- **Your goal**: Only the lines below from the one containing "在企业层面,许教授列举出林业" to the one containing "408 nh J40 image#J40, 3c" should be repeated, both included and unchanged.

- **Dataset content**:
· · · ·

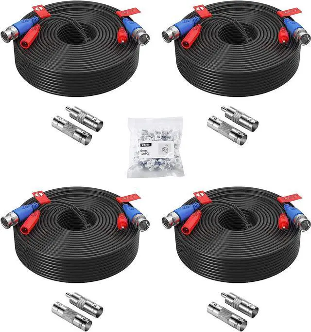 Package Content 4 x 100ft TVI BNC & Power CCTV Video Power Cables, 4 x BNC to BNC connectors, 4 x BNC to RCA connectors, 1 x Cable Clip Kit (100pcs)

· · · ·

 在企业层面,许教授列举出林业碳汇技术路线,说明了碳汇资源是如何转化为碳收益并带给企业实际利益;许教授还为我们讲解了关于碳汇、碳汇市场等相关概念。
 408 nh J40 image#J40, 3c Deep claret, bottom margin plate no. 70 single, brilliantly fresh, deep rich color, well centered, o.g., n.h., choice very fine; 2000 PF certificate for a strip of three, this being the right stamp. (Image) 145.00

· · · ·

- **Response to this task**:
 在企业层面,许教授列举出林业碳汇技术路线,说明了碳汇资源是如何转化为碳收益并带给企业实际利益;许教授还为我们讲解了关于碳汇、碳汇市场等相关概念。
 408 nh J40 image#J40, 3c Deep claret, bottom margin plate no. 70 single, brilliantly fresh, deep rich color, well centered, o.g., n.h., choice very fine; 2000 PF certificate for a strip of three, this being the right stamp. (Image) 145.00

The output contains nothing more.